Doce
Cada escalón que subía era como una puñalada en el pecho, me temblaban las piernas, sudaba frío y los escalofríos aumentaban con cada paso que daba. Las demás rameras me habían dado consejos no tan útiles; simplemente me dijeron que me relajara y que todo pasaría muy rápido, con el tiempo empezaría a gustarme a la idea de que me penetraran. Simplemente para ellas era gozo, aunque para mí era un atormento, tortura propia.
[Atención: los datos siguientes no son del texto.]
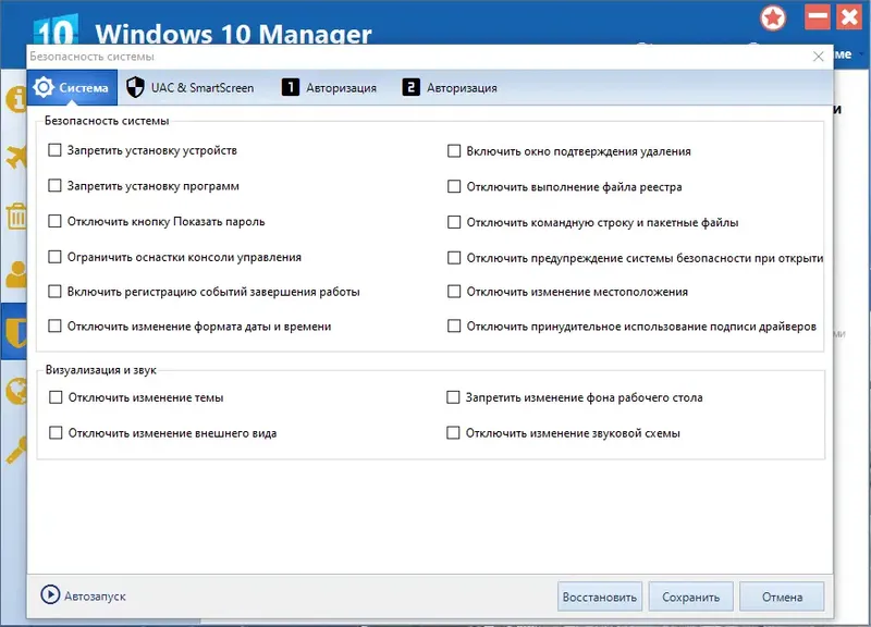 - Работа с несколькими мониторами и возможность автоматического запуска при старте Windows
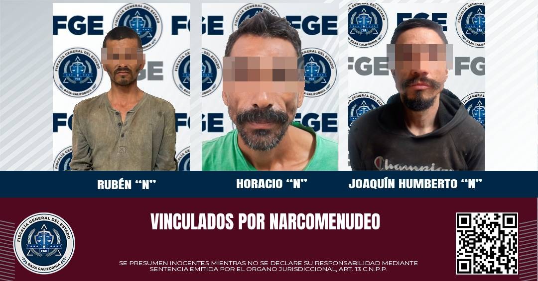 MEXICALI, B.C. Por su presunta participación en la venta y distribución de drogas, tres acusados por delitos contra la salud, fueron vinculados a proceso con base en los elementos probatorios presentados por la Fiscalía General del Estado (FGE).
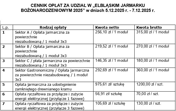 Jarmark chce ponownie zrealizować Grupa Merlin Andrzej Duszyński z Elbląga, która za swoje usługi oczekuje niespełnia 84 tys. zł. Wydarzenie odbędzie się w terminie 5-7 grudnia. Ponownie pojawią się na nim produkty regionalne o charakterze rzemieślniczym, wydarzenia będzie miało elementy kulturalno–artystyczne.
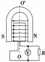 如图10-1-20所示,面积为S、匝数为N、电阻为r的线圈固定在图示位置,线圈与阻值为R的电阻构成闭合电路,理想交流电压表并联在电阻R的两端;U形磁铁以线圈的中心轴线OO′为轴以角速度ω匀速转动,已知U形磁铁两极间的磁场为匀强磁场,磁感应强度为B,取磁铁转动到图示位置的时刻t=0.则( )
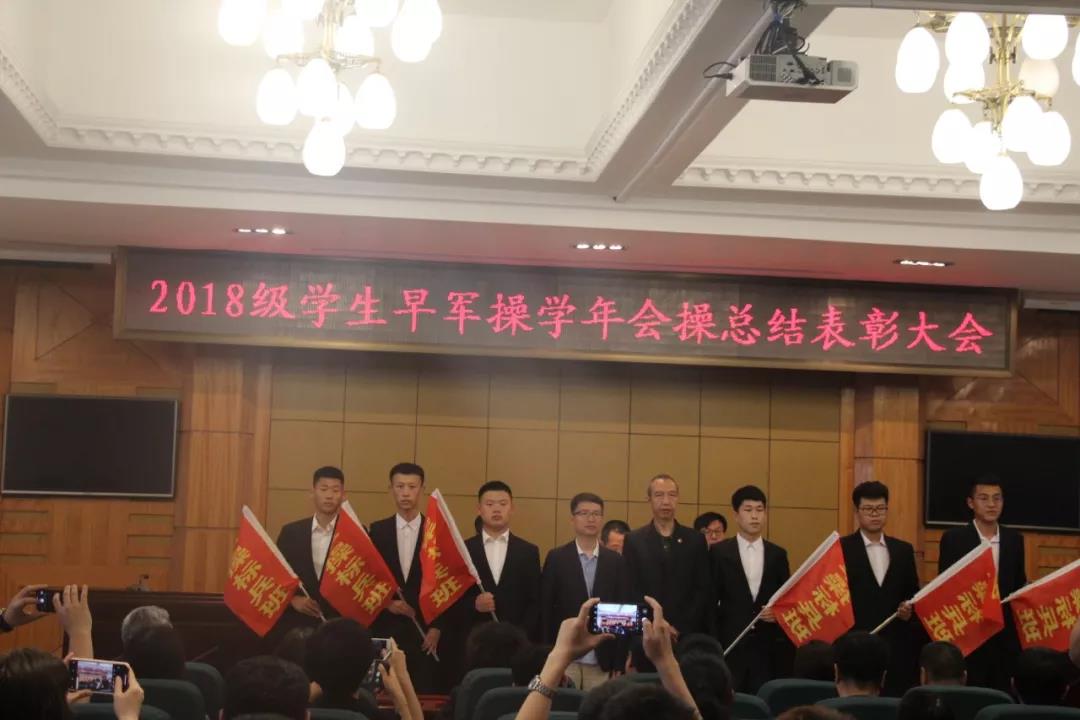 会上由陈宇辉副处长宣读2018-2019学年学生早军操评比表彰奖励决定,在此次大会中电气工程学院的同学们半学期中把超越自我、升华自我作为目标,团结一致,整齐划一用他们的不懈努力夺得“三等奖”,同时电气自动18-02班、电气自动18-03班、电气自动18-04班、电气自动18-05班、工业机器18-03班荣获“军操标兵班”。
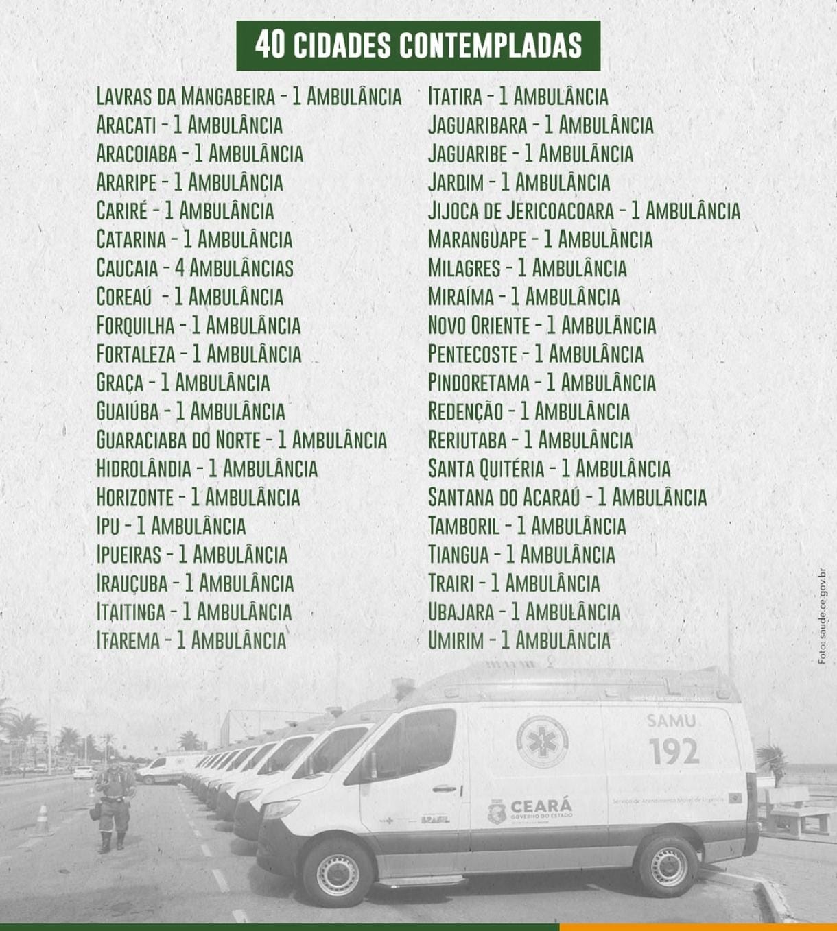 No estado do Ceará, 40 novas ambulâncias foram destinadas os municípios, incluindo Tamboril. A entrega desses veículos faz parte das ações comemorativas aos 20 anos do Samu no Brasil e visa fortalecer a capacidade de atendimento de urgência e emergência no estado.
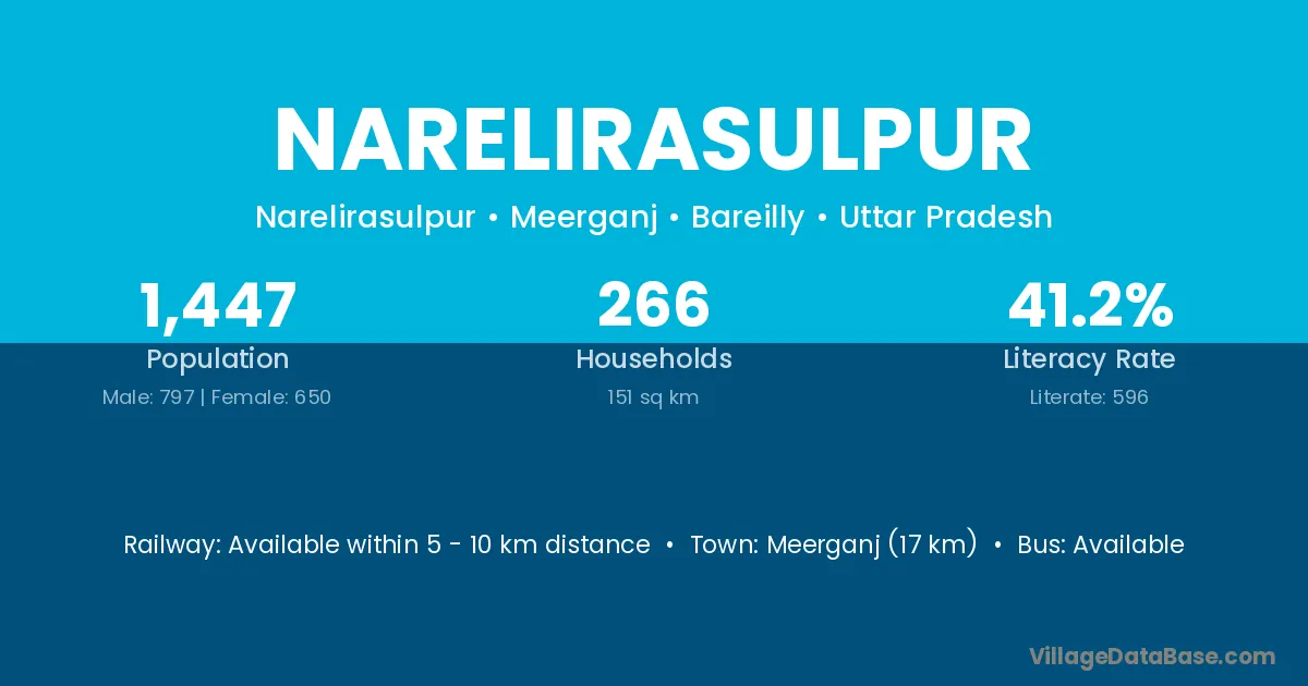 Meerganj (17 km) is the nearest town to Narelirasulpur village for major economic activities and is located approximately 17 km away.
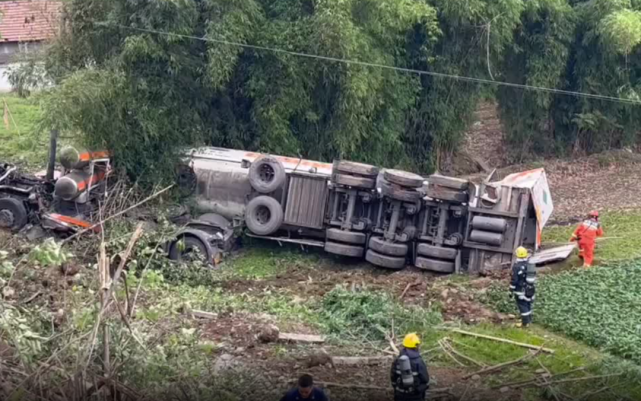 惊险!槽罐车侧翻引发危险化学品泄漏 消防及时解除险情
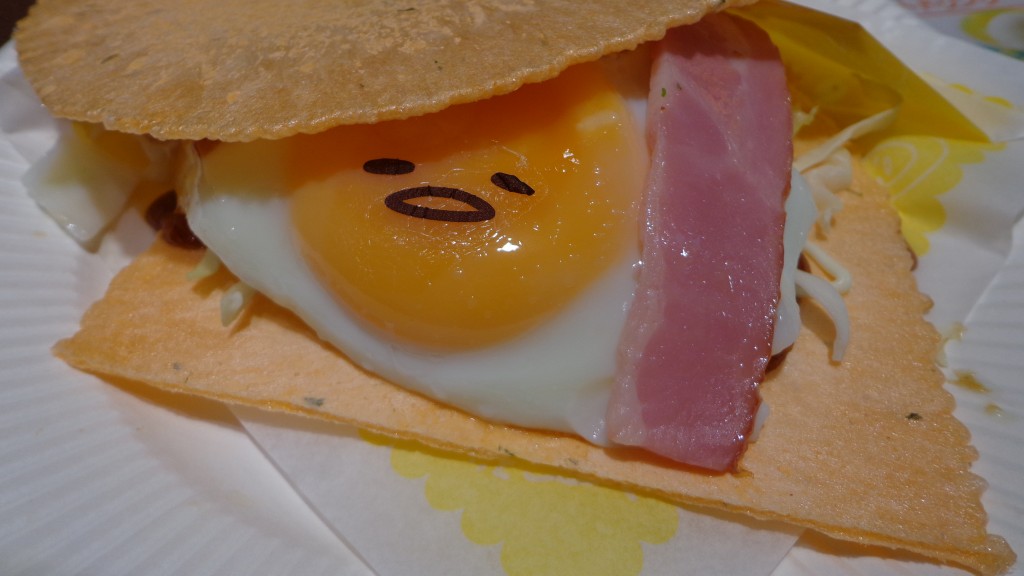 I purchased the most popular dish, Gudesen, which is like Okonomi-yaki on snack. Gudetama is on it of course. Looks lazy somehow.
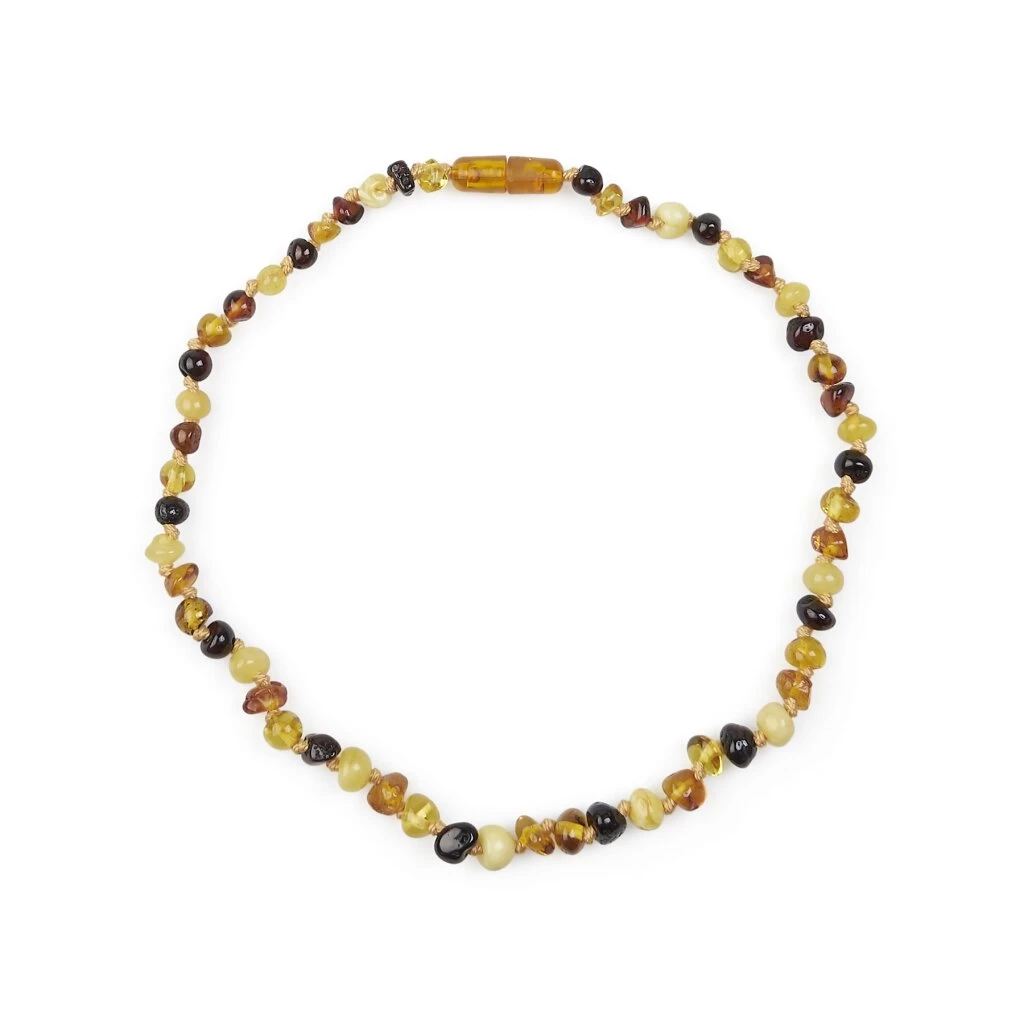 - Die Baby-Bernsteinketten werden dem Kind um den Hals gelegt und mit dem allergenfreien Sicherheitsverschluss verschlossen.
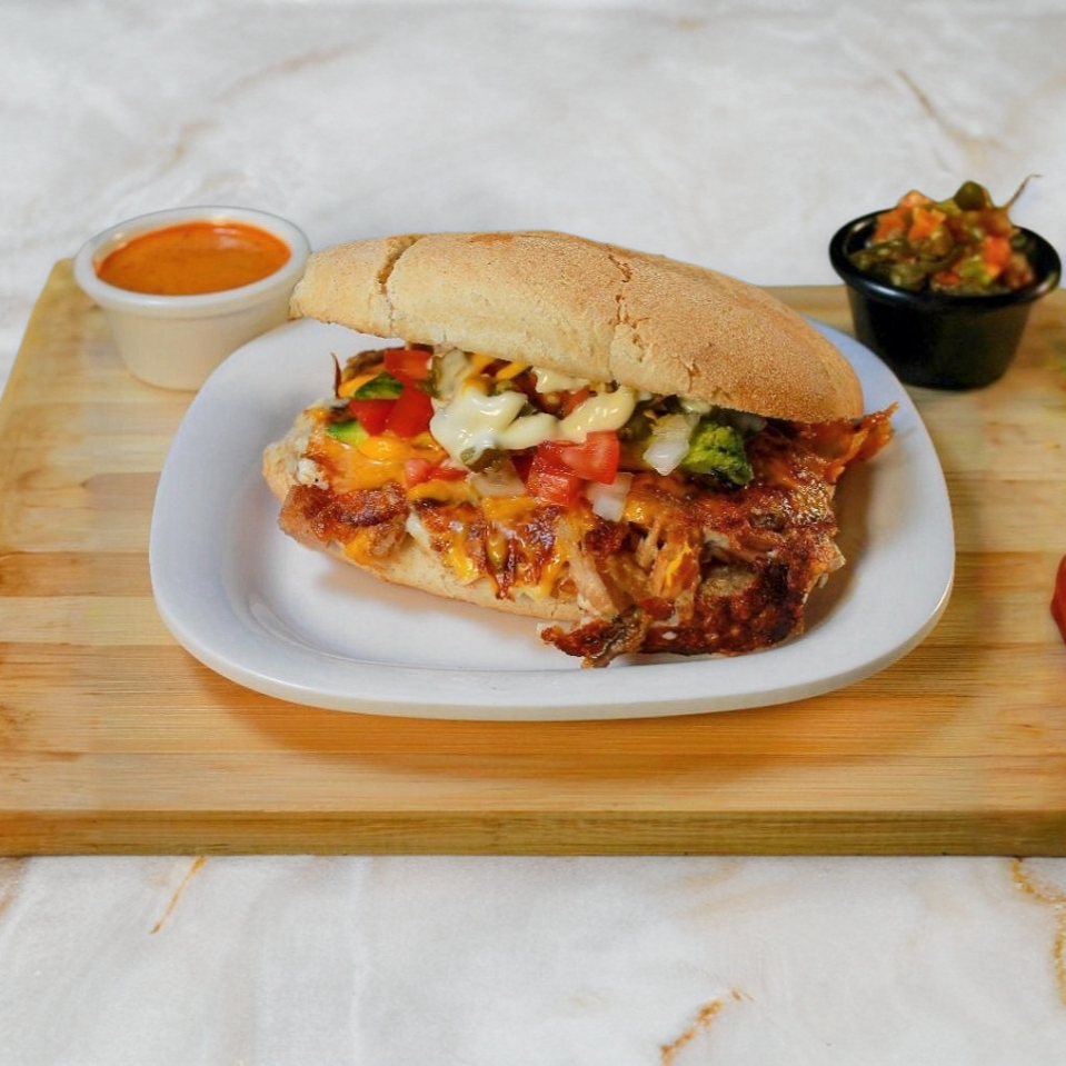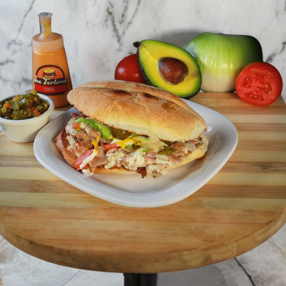 Pierna milanesa 2 quesos aguacate jitomate cebolla chile crema mostaza
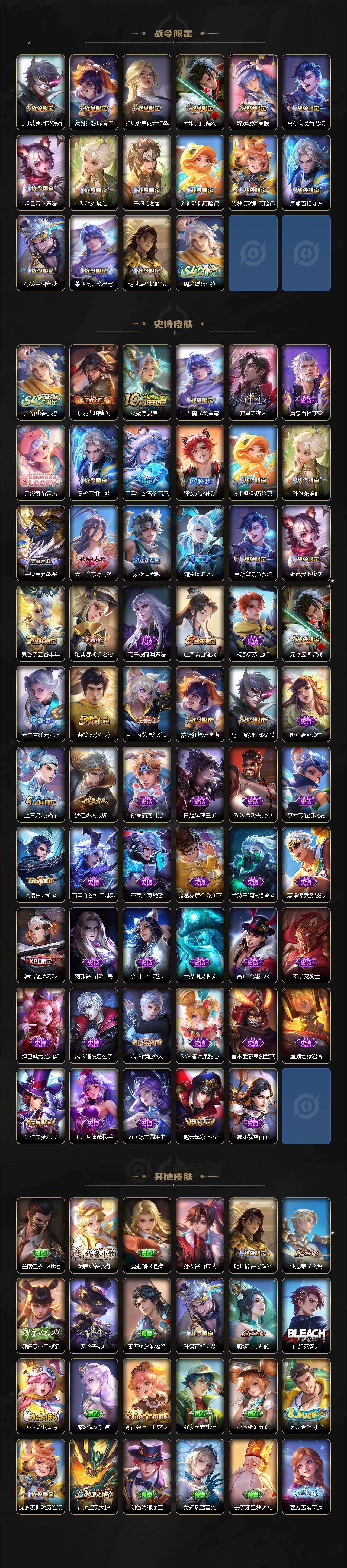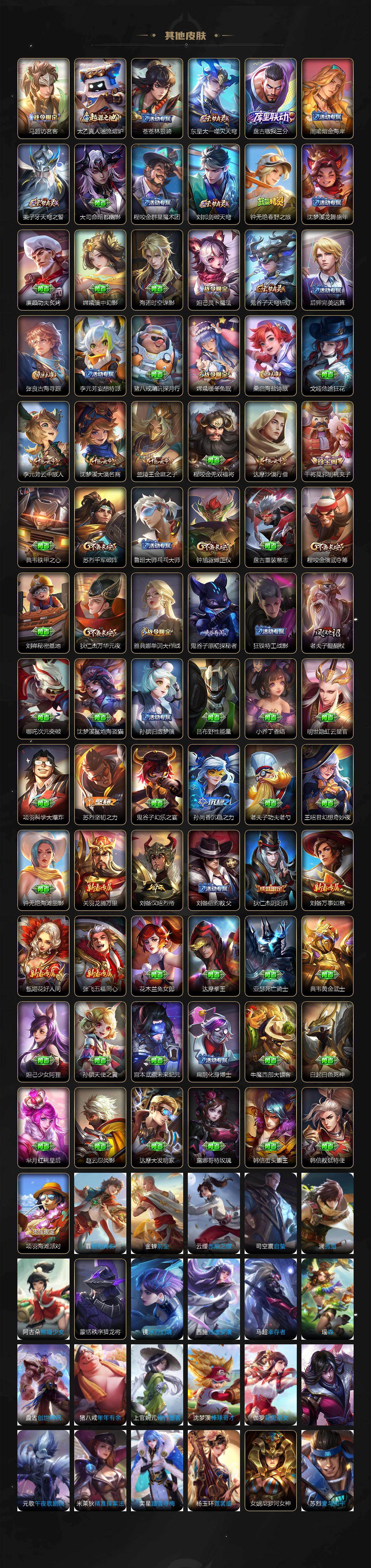 【限定皮肤】:蒙犽顽岩魄,姜子牙天穹之誓,狄仁杰阴阳师,赵云皇家上将,嬴政优雅恋人,庄周高山流水,元歌云间偶戏,马可波罗暗影游猎,狄仁杰魔术师,狄仁杰万华元夜,达摩沙漠行僧,项羽海滩派对,老夫子醍醐杖,程咬金演
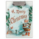 Uma ilustração antiga de Natal feliz, um interessante retro vintage santa claus. Esta bela ilustração de natais vintages tem uma bela pequena Cláusula Santa segurando um cartaz que diz Um Feliz Natal. Esta é uma pintura doce e colorida do Elfo Velho Jolly!
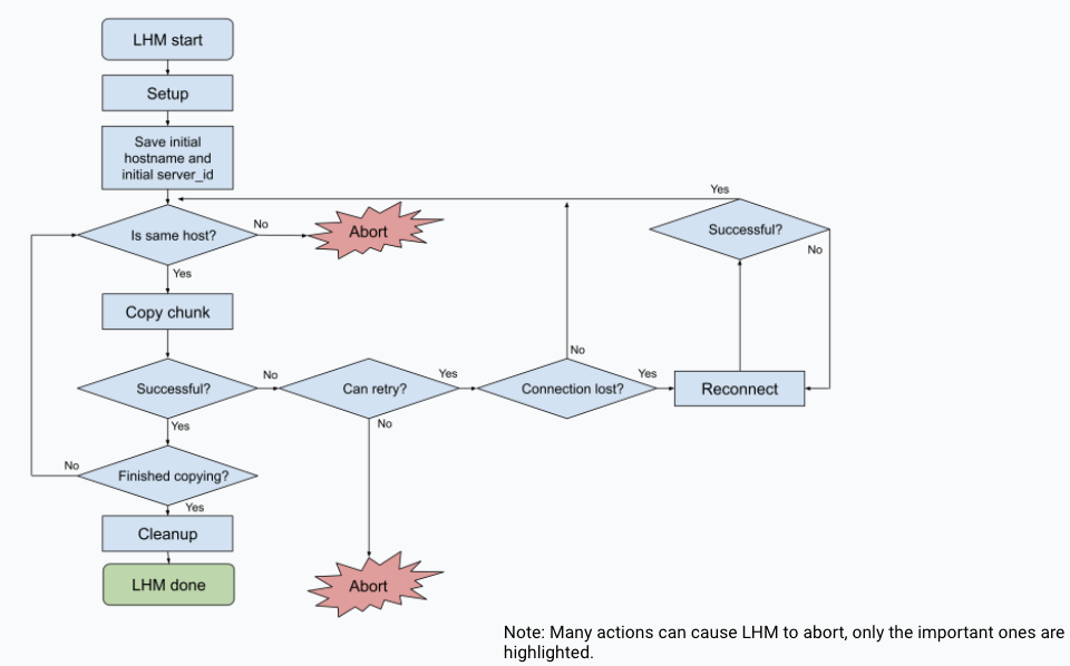 select @@global.hostname). Before every chunk insert, it will check that the hostname is the same as the initial one.In the event of a connection loss, LHM will then start the reconnection procedure.

Llegué al cubículo donde mi padre me había señalado, las abrí y estaban ellos, dos ancianos con miradas tan anheladas como el diablo tentado en su presa. En este caso ocupaban el lado del lobo mientras que yo era la pobre gacela en peligro. Me desvestí frente a ellos mientras que sus ásperas manos acariciaban mi cuerpo, ellos podían ver como temblaba y aun así no se detuvieron. Me pusieron de rodillas en el suelo y comenzaron a jugar conmigo, en mi boca entraron muchas cosas que me gustaría olvidar, después me sujetaron con odio y desprecio. A los minutos comenzaron a gemir mientras que yo sentía dolor, desprecio, agonía y sobre todo comenzaba a llorar.
No se detenían, comenzaban una y otra vez, uno acababa y el otro recién comenzaba, tuve que acariciar sus testículos en varias ocasiones, mientras que ellos apretaban con fuerza mis senos. No era más que una ramera en esta ocasión. Las luces azules hacía que nos pudiéramos ver los rostros y a pesar de que pudiera ser su nieta no se detuvieron., lo hacían una,dos, tres e incluso cuatro veces y cada vez más rápido. Pasó una hora y como una puta ambos hombres me arrojaron los billetes en la cara y desaparecieron entre las cortinas. Tan puta, ramera me había vuelto ¿Cómo permití que esto sucediera?